Consumption of sugar-sweetened beverages is linked to an increased risk of obesity,a new research has found.
Researchers from the Harvard School of Public Health have found that greater intake of sugary beverages may result in greater genetic susceptibility to high body mass index (BMI).
The study was based on data from three large cohorts,1,21,700 women in the Nurses’ Health Study,51,529 men in the Health Professionals Follow-up Study and 25,000 in the Women’s Genome Health Study.
All of the participants had completed food-frequency questionnaires detailing their food and drink consumption over time.
The researchers analysed data from 6,934 women from NHS,4,423 men from HPFS,and 21,740 women from WGHS who were of European ancestry and for whom genotype data based on genome-wide association studies were available.
Participants were divided into four groups according to how many sugary drinks they consumed: less than one serving of SSB per month,between 1-4 servings per month,between 2-6 servings per week,and one or more servings per day.
To represent the overall genetic predisposition,a genetic predisposition score was calculated on the basis of the 32 single-nucleotide polymorphisms known to be associated with BMI (weight in kilogrammes divided by the square of the height
The results showed that the genetic effects on BMI and obesity risk among those who drank one or more sugar-sweetened beverages (SSBs) per day were about twice as large as those who consumed less than one serving per month.

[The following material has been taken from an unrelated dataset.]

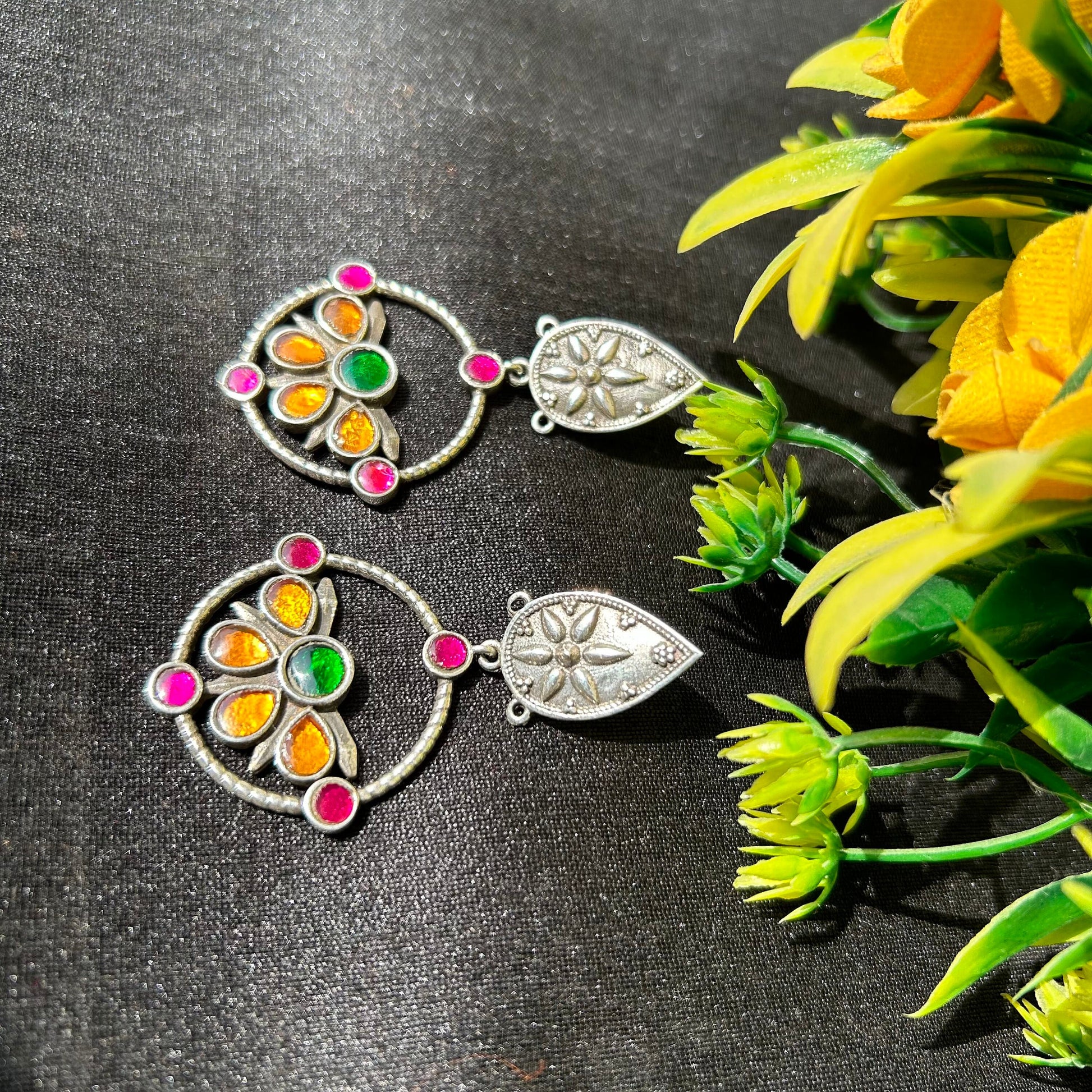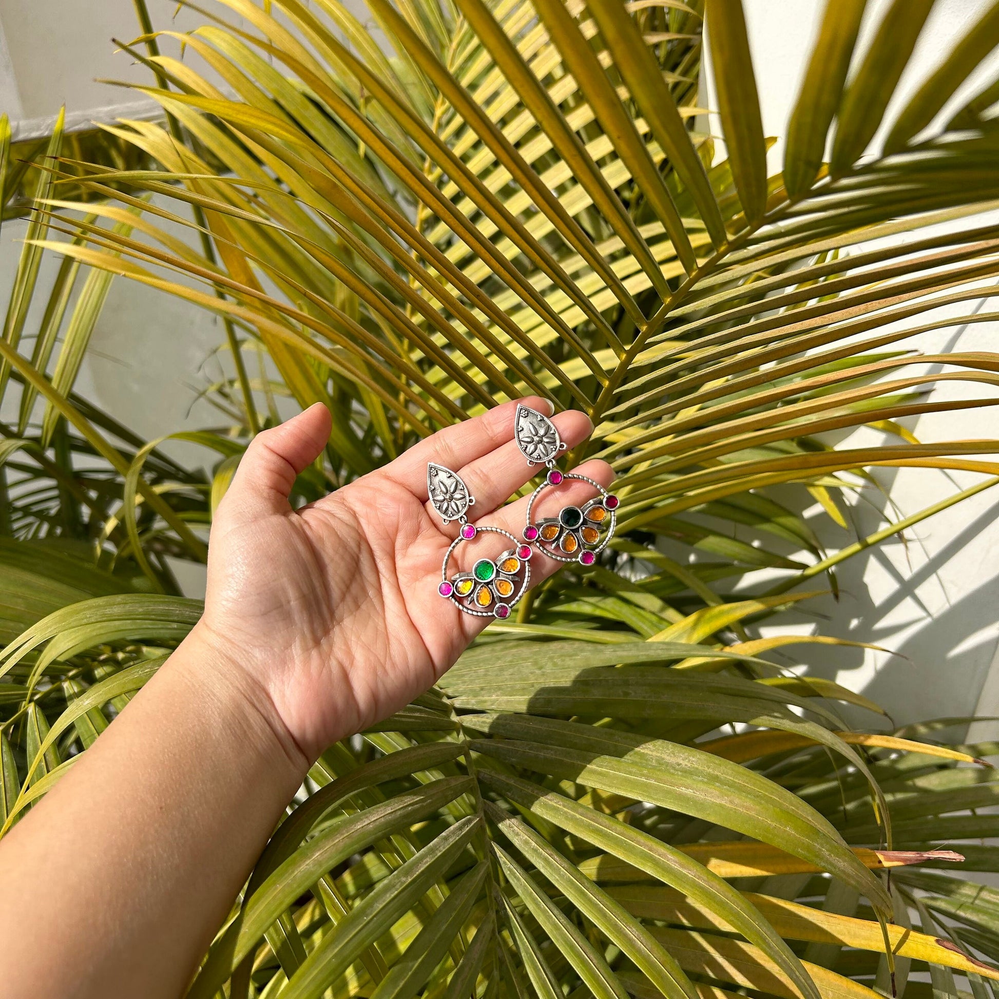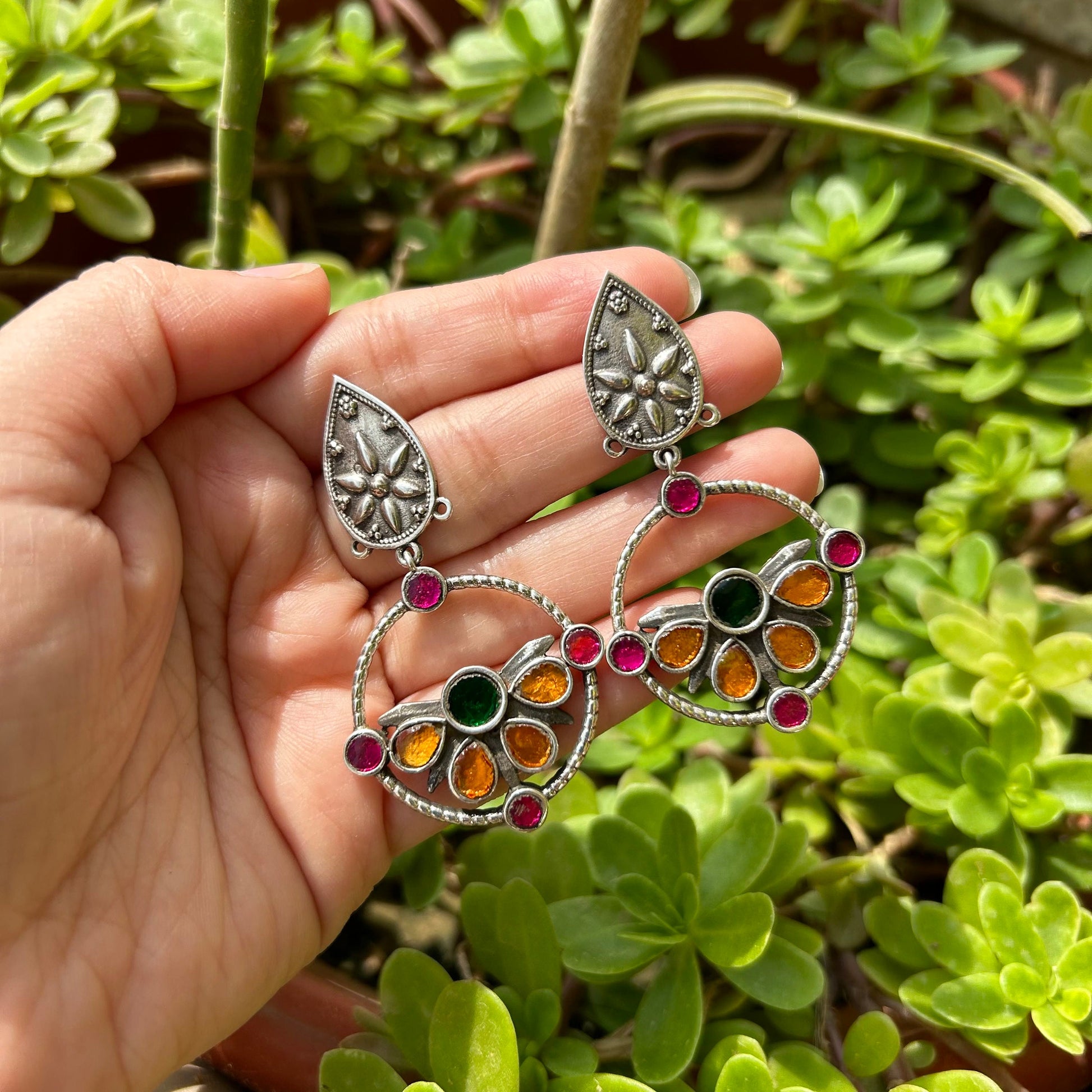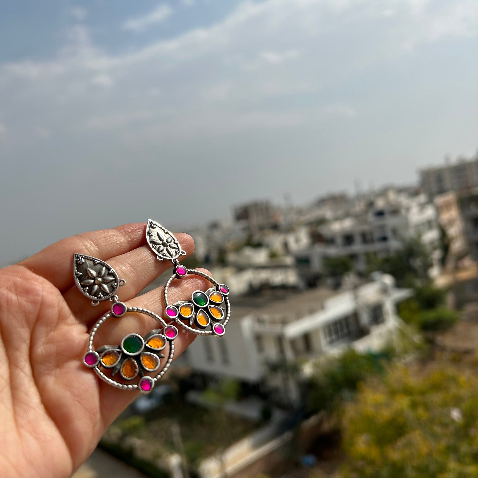 Embrace the grace of tradition with Sragvi, a pair of enchanting floral earrings adorned with vibrant, gem-like stones and a classic antique gold finish. Inspired by blooming garlands worn during celebrations, these earrings beautifully blend vivid colors, delicate petal designs, and timeless elegance.

In addition,individuals with greater genetic predisposition to obesity appear to be more susceptible to harmful effects of SSBs on BMI.
“Our study for the first time provides reproducible evidence from three prospective cohorts to show genetic and dietary factors – sugar-sweetened beverages – may mutually influence their effects on body weight and obesity risk,” said Lu Qi,assistant professor in the Department of Nutrition at HSPH and senior author of the study.
The study was published in the New England Journal of Medicine.